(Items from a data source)
——

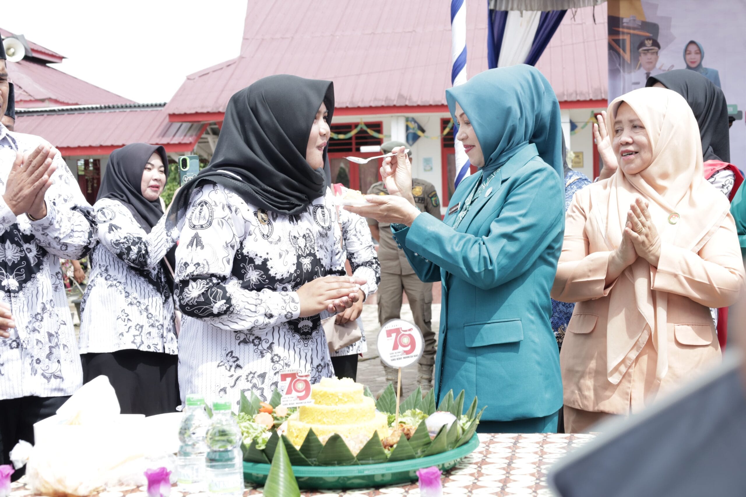 Wakil Bupati Madina Atika Azmi Utammi Nasution usai memberikan sambutan lansung melakukan potong tumpeng dan mengucapkan, selamat Hari Guru Nasional dan HUT ke 79 PGRI.
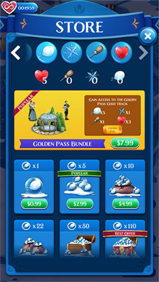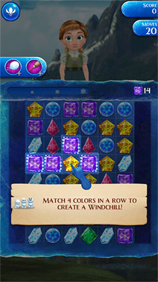 冰雪奇缘冰纷乐是一款根据冰雪奇缘制作的消除游戏,玩家可以和安娜,艾莎一起展开冒险,游戏不只是简单消除,还加入了很多有趣的目标,比如:清除雪块,让物品掉到最下面等,每一关都有不同任务,需要动脑完成挑战,通关后还能获得各种道具,帮助玩家更轻松过关,关卡丰富,玩起来不会无聊。
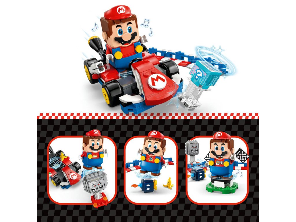Děti si s touto stavebnicí Mario Kart z kostek vytvoří vlastní závodní dráhu a společně s LEGO Mariem v motokáře Standard Kart se vydají na interaktivní závody. Fantastická stavebnice LEGO Super Mario pro kluky, holky a gamery od 7 letobsahuje interaktivní figurku LEGO Maria a Standard Kart s funkcí driftování a střílení krunýřů pro zábavné závodění a hraní. Součástí závodní dráhy je také startovní dráha, připojitelné bariéry, dopravní kužely a kruh vítězů. Řiďte Standard Kart s LEGO Mariem a aktivujte zvuky a vizuální efekty Mario Kart, získejte digitální odměny z krabice Item Box, porazte Bob-omba a Thwompa a sledujte, jak LEGO Mario reaguje na zelené a červené destičky LEGO. Objevte celou řadu stavebnic LEGO Super Mario: Mario Kart (prodávají se samostatně) a získejte další vozidla a postavy pro ještě větší porci zábavy. Návod na stavění najdete v krabici nebo v aplikaci LEGO Super Mario. Tato stavebnice obsahuje 278 dílků.
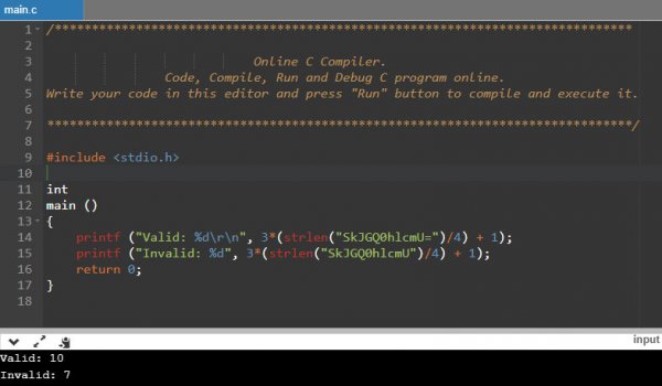 Размеры выделяемой памяти для валидной и невалидной строки Base64
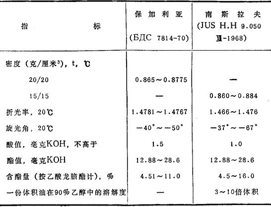 表35.5 根据各国标准冷杉油的质量指标
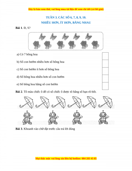 TUẦN 3. CÁC SỐ 6, 7, 8, 9, 10.

——

Work to complete - Every record above must be copied exactly; none of the pictures belong in the copy.

Reply -
 Wakil Bupati Madina Atika Azmi Utammi Nasution usai memberikan sambutan lansung melakukan potong tumpeng dan mengucapkan, selamat Hari Guru Nasional dan HUT ke 79 PGRI.
 冰雪奇缘冰纷乐是一款根据冰雪奇缘制作的消除游戏,玩家可以和安娜,艾莎一起展开冒险,游戏不只是简单消除,还加入了很多有趣的目标,比如:清除雪块,让物品掉到最下面等,每一关都有不同任务,需要动脑完成挑战,通关后还能获得各种道具,帮助玩家更轻松过关,关卡丰富,玩起来不会无聊。
Děti si s touto stavebnicí Mario Kart z kostek vytvoří vlastní závodní dráhu a společně s LEGO Mariem v motokáře Standard Kart se vydají na interaktivní závody. Fantastická stavebnice LEGO Super Mario pro kluky, holky a gamery od 7 letobsahuje interaktivní figurku LEGO Maria a Standard Kart s funkcí driftování a střílení krunýřů pro zábavné závodění a hraní. Součástí závodní dráhy je také startovní dráha, připojitelné bariéry, dopravní kužely a kruh vítězů. Řiďte Standard Kart s LEGO Mariem a aktivujte zvuky a vizuální efekty Mario Kart, získejte digitální odměny z krabice Item Box, porazte Bob-omba a Thwompa a sledujte, jak LEGO Mario reaguje na zelené a červené destičky LEGO. Objevte celou řadu stavebnic LEGO Super Mario: Mario Kart (prodávají se samostatně) a získejte další vozidla a postavy pro ještě větší porci zábavy. Návod na stavění najdete v krabici nebo v aplikaci LEGO Super Mario. Tato stavebnice obsahuje 278 dílků.
 Размеры выделяемой памяти для валидной и невалидной строки Base64
 表35.5 根据各国标准冷杉油的质量指标
 TUẦN 3. CÁC SỐ 6, 7, 8, 9, 10.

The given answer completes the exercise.